Armenians take action to protect shrines at risk

Armenians take action to protect shrines at risk

ISTANBUL- Hürriyet Daily News

Municipal workers demolished a complex located over a centuries-old Armenian cemetery. The complex included the ‘Final Prayer’ Chapel, an annex for the ritual washing of the dead and a guard box. The municipality promised to rebuild the facilities. DHA photo

Malatya Municipality’s recent demolition of the “Final Prayer” chapel at an Armenian cemetery has spurred Armenian-Turks into action about other at-risk sites all around the country.

“[The idea of establishing] a commission could perhaps gain currency, but we first need to take into consideration the situation that Turkey is [embroiled] in.
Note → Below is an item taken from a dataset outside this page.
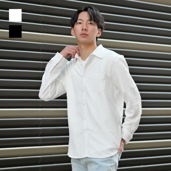 シャツ メンズ カジュアルシャツ 春夏秋 ジャガード ランダムサッカー 速乾 長袖 タイト 細め ホワイト ブラック 白 黒 M L XL LL 2L
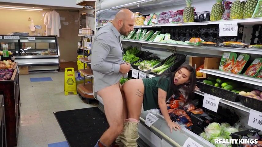 At first sight, petite Kimmy Kimm looks like your typical supermarket clerk. Cute, but seemingly shy, the black haired woman catches customer Jmac's eyes. The guy can't help but try to seduce Kimmy and asks her out for a date while she scans his items. What a surprise when Kimmy invites him to fuck her right now, behind the counter, as she keeps working. Jmac sneaks behind Kimmy's exquisite butt and starts eating her out while she serves unsuspecting customers. Kimmy's pussy tastes so good, Jmac can't resist pounding it by the fruits and vegetables alley. Maybe the depraved Kimmy will lose her job for being so indecent at work, but at least she found a big dick she can fill her pussy with.

The example of Malatya may not stick well everywhere,” former Malatya Philanthropists Association (HAYDER) head Garo Paylan told the Hürriyet Daily News.

“We used to have graves that are thousands of years old across Anatolia, but they were either paved over with roads or new buildings were erected on top of them. It is no longer possible to retrieve most of them, but we at least need to claim the remainder,” Paylan said.

HAYDER, which first brought the matter of Armenian sites before the public’s attention, continues receiving sporadic phone calls about the status of Armenian remnants elsewhere in the country.

“We are progressively evaluating the requests,” Paylan said but added that they were hesitant in taking any further steps at the moment. Denouncing as insincere the interest shown by Prime Minister Recep Tayyip Erdoğan and the Malatya Municipality in the chapel’s demolition, Paylan also said they had made a retreat for fear of public reaction.

Giving back historic church
“If they are truly sincere, then they ought to give the 300-year-old Church of Surp Yerortutyun [Holy Trinity] in Malatya, which they call ‘Taşhoran,’ back to us, rather than converting it into a cultural center,” Paylan said, adding that they were also going to appeal to the Malatya Governor’s Office with respect to the matter in the coming days.

Workers from the Malatya Municipality demolished a complex located over a centuries-old Armenian cemetery and which involved the “Final Prayer” Chapel, an annex for the ritual washing of the dead and a guard box Feb. 3. Following a public outcry, however, Malatya Municipality soon agreed to rebuild the complex through its own funds.

The cemetery, which is quite large, also contains the burial grounds of the family members of Hrant Dink, the chief editor of the bilingual weekly Agos who was gunned down in front of his office in Istanbul on Jan. 19, 2007.

Authorities had already nationalized the cemetery around the late 1940s, while only two acres are still owned by the Armenian community. Few individuals are still buried in the area in accordance with their wills.

“If such a problem came about a decade ago, the community would fear bringing the matter to the public’s attention. Our people have begun shaking their fears off to a certain degree in recent years. They established lay organizations within the context of commonly shared local origins, and HAYDER is one of them. In this way, we are striving to claim to the best of our capabilities whatever still remains of thousands of cemeteries and churches,” he said.

 Armenians from Malatya who now reside in Istanbul had provided the funds needed to build the complex through their own means.